» **Goal of the exercise**
Without the pictures, print the lines running from the beginning of the material to the line containing "Обединени около подготовката", both ends included.

» **Provided information**
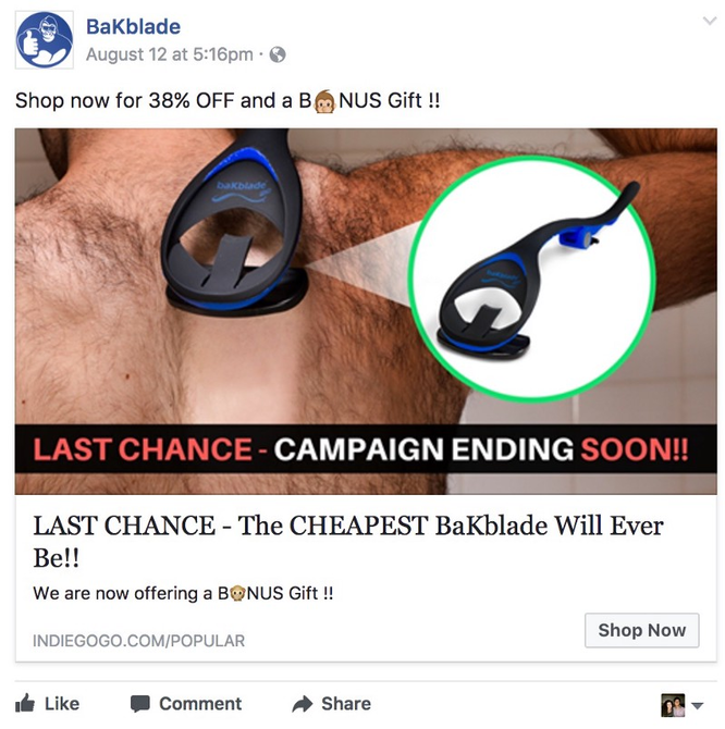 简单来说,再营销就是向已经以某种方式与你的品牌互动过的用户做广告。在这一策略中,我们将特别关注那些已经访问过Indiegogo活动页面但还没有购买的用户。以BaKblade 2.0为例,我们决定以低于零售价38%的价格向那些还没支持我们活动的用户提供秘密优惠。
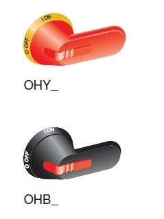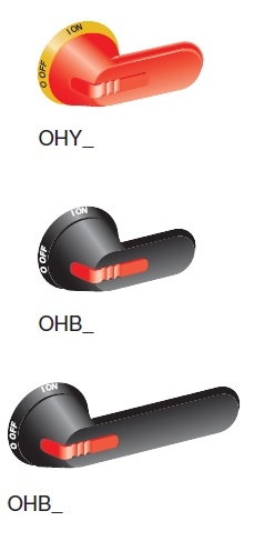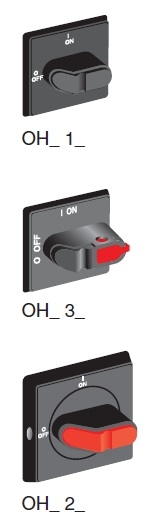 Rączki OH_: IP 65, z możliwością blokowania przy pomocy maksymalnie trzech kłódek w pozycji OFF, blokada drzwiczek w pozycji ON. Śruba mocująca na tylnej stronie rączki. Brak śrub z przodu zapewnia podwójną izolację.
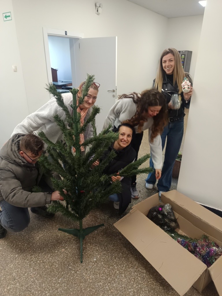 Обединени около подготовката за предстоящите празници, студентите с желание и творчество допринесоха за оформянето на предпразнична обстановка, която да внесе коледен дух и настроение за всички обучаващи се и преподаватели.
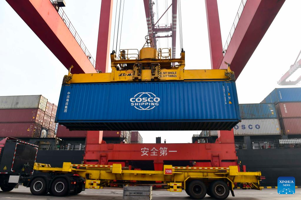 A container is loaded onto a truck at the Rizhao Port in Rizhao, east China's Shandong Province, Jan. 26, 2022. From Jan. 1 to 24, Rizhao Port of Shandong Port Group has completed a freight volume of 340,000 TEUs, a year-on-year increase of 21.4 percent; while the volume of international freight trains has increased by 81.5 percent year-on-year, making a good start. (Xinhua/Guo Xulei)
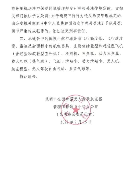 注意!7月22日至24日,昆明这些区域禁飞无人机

» **Task answer**
 简单来说,再营销就是向已经以某种方式与你的品牌互动过的用户做广告。在这一策略中,我们将特别关注那些已经访问过Indiegogo活动页面但还没有购买的用户。以BaKblade 2.0为例,我们决定以低于零售价38%的价格向那些还没支持我们活动的用户提供秘密优惠。
 Rączki OH_: IP 65, z możliwością blokowania przy pomocy maksymalnie trzech kłódek w pozycji OFF, blokada drzwiczek w pozycji ON. Śruba mocująca na tylnej stronie rączki. Brak śrub z przodu zapewnia podwójną izolację.
 Обединени около подготовката за предстоящите празници, студентите с желание и творчество допринесоха за оформянето на предпразнична обстановка, която да внесе коледен дух и настроение за всички обучаващи се и преподаватели.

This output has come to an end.